• Directions:
Only the lines from the first line of the records through the line containing "Dres 2 częściowy" belong in the answer. Copy them exactly.

(Collected data)
◇ ◇ ◇ ◇ ◇ ◇ ◇
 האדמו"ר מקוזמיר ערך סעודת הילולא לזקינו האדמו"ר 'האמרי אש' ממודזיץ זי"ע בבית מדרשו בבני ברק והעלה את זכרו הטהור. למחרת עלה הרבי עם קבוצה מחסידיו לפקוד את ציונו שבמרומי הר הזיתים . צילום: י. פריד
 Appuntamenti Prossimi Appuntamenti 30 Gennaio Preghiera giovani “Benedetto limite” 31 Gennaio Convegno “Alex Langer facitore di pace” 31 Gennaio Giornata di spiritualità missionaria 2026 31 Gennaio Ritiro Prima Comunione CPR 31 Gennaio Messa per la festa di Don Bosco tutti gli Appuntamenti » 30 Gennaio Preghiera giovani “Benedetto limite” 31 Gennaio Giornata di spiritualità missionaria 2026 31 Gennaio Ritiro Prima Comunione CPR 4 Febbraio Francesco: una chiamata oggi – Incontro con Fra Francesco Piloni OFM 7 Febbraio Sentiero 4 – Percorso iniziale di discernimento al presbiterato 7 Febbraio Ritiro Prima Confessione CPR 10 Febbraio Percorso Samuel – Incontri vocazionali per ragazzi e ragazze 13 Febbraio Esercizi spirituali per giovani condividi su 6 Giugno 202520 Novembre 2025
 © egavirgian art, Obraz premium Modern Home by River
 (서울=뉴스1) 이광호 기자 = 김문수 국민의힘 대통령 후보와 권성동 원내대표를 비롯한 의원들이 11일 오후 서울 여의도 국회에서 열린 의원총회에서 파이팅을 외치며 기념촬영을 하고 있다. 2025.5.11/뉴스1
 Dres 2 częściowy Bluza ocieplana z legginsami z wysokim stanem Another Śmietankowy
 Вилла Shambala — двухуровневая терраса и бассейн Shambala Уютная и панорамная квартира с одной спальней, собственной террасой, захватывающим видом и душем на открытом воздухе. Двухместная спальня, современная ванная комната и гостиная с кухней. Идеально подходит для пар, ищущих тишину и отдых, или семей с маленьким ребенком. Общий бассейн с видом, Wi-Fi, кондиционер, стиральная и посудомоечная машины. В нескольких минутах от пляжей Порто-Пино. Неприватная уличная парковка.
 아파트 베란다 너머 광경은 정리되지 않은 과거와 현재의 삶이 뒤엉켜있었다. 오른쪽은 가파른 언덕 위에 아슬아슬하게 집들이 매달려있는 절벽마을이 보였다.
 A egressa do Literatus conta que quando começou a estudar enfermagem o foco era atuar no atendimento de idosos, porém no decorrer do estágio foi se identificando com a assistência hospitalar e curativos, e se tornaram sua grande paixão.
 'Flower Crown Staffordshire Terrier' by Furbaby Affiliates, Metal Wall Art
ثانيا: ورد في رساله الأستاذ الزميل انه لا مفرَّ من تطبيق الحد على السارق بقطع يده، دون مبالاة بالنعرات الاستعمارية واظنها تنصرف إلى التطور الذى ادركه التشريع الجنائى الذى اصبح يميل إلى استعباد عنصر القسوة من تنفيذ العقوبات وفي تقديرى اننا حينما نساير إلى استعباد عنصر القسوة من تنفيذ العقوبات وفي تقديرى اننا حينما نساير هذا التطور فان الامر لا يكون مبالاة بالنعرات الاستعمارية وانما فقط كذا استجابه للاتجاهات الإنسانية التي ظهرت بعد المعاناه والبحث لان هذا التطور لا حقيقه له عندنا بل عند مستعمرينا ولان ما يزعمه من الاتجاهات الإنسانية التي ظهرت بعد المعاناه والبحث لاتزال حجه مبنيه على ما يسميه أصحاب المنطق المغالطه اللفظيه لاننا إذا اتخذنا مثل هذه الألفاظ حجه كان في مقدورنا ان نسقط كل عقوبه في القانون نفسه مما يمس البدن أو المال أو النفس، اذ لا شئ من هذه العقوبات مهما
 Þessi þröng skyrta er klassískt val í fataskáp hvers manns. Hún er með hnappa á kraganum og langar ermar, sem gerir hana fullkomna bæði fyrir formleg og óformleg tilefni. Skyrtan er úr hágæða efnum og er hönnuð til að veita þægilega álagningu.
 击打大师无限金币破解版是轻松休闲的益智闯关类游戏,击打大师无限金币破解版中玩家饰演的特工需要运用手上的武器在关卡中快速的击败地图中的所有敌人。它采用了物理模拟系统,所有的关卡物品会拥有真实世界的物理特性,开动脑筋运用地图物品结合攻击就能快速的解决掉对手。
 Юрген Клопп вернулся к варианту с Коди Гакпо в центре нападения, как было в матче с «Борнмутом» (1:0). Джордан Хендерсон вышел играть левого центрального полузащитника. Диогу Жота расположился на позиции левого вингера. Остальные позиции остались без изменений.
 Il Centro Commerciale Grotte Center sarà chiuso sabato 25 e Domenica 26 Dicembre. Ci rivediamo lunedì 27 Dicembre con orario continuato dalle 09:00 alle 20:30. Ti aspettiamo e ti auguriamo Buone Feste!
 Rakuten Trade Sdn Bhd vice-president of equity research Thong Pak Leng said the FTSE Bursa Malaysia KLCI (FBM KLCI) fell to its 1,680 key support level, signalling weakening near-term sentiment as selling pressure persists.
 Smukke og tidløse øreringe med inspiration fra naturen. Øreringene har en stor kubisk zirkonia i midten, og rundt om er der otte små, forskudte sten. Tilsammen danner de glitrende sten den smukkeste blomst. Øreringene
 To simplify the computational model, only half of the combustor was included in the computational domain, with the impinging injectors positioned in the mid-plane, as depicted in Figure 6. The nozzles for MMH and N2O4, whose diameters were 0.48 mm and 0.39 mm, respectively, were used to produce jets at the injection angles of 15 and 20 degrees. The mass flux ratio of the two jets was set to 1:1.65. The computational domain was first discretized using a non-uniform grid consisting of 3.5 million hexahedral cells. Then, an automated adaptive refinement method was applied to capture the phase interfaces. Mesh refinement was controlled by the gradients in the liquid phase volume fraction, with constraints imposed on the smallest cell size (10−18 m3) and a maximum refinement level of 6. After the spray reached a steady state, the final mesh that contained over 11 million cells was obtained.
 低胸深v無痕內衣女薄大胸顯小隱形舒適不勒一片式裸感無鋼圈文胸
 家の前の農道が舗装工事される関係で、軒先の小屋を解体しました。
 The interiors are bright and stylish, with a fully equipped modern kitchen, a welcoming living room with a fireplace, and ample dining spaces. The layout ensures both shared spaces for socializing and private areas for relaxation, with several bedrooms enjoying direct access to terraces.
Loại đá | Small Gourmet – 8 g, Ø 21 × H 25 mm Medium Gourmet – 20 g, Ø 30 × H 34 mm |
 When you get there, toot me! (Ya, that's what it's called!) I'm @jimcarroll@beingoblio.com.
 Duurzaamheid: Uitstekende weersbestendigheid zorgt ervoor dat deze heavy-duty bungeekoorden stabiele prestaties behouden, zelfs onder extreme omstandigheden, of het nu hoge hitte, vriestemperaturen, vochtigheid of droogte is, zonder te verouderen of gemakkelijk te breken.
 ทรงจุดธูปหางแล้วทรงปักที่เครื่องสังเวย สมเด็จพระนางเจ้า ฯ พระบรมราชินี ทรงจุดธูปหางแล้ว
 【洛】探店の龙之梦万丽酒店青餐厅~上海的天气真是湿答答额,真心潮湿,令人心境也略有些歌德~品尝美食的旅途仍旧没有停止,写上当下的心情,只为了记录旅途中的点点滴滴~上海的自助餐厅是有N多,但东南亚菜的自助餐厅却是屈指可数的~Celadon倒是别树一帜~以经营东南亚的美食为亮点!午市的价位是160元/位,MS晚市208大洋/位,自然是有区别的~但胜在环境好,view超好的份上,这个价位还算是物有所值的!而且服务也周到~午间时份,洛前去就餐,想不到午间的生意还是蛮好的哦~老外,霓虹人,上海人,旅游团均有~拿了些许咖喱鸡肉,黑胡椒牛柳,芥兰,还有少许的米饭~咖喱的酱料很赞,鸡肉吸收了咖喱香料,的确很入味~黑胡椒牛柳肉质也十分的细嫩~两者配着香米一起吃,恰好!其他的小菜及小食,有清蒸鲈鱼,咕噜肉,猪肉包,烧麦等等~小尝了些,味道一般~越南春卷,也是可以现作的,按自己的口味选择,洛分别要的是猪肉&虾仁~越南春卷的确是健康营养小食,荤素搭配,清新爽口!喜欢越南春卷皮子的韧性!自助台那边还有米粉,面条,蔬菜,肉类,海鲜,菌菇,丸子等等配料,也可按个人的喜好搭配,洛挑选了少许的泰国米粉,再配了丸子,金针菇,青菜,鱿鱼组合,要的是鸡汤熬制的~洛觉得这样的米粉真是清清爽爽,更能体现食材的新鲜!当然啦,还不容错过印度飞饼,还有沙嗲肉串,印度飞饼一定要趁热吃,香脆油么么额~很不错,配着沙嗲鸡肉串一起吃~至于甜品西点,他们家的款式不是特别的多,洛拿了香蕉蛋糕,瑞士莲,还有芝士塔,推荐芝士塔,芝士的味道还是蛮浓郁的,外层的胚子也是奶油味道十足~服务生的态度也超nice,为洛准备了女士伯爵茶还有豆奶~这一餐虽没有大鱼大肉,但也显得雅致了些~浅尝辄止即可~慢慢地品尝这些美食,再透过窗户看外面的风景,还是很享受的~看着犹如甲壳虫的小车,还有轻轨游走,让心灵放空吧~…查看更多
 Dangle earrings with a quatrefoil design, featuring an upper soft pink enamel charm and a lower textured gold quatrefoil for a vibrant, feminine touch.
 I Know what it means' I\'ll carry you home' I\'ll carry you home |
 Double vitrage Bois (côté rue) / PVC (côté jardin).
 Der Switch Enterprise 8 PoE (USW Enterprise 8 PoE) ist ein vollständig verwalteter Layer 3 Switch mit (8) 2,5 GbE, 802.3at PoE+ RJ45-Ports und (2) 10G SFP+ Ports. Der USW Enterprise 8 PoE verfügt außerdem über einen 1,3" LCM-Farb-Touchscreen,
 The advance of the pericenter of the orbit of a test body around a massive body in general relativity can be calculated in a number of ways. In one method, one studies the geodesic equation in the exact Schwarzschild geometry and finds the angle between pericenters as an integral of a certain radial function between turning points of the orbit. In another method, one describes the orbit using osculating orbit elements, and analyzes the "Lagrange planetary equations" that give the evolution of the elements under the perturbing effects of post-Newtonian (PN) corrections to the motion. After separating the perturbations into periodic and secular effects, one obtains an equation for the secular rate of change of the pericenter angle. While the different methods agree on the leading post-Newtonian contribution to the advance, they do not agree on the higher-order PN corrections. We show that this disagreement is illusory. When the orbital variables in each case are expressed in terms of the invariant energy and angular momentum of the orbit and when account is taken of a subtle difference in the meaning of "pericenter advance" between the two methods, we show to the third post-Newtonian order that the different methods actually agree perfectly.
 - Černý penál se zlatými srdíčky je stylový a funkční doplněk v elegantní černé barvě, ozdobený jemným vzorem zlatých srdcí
◇ ◇ ◇ ◇ ◇ ◇ ◇
• Your solution:
 האדמו"ר מקוזמיר ערך סעודת הילולא לזקינו האדמו"ר 'האמרי אש' ממודזיץ זי"ע בבית מדרשו בבני ברק והעלה את זכרו הטהור. למחרת עלה הרבי עם קבוצה מחסידיו לפקוד את ציונו שבמרומי הר הזיתים . צילום: י. פריד
 Appuntamenti Prossimi Appuntamenti 30 Gennaio Preghiera giovani “Benedetto limite” 31 Gennaio Convegno “Alex Langer facitore di pace” 31 Gennaio Giornata di spiritualità missionaria 2026 31 Gennaio Ritiro Prima Comunione CPR 31 Gennaio Messa per la festa di Don Bosco tutti gli Appuntamenti » 30 Gennaio Preghiera giovani “Benedetto limite” 31 Gennaio Giornata di spiritualità missionaria 2026 31 Gennaio Ritiro Prima Comunione CPR 4 Febbraio Francesco: una chiamata oggi – Incontro con Fra Francesco Piloni OFM 7 Febbraio Sentiero 4 – Percorso iniziale di discernimento al presbiterato 7 Febbraio Ritiro Prima Confessione CPR 10 Febbraio Percorso Samuel – Incontri vocazionali per ragazzi e ragazze 13 Febbraio Esercizi spirituali per giovani condividi su 6 Giugno 202520 Novembre 2025
 © egavirgian art, Obraz premium Modern Home by River
 (서울=뉴스1) 이광호 기자 = 김문수 국민의힘 대통령 후보와 권성동 원내대표를 비롯한 의원들이 11일 오후 서울 여의도 국회에서 열린 의원총회에서 파이팅을 외치며 기념촬영을 하고 있다. 2025.5.11/뉴스1
 Dres 2 częściowy Bluza ocieplana z legginsami z wysokim stanem Another Śmietankowy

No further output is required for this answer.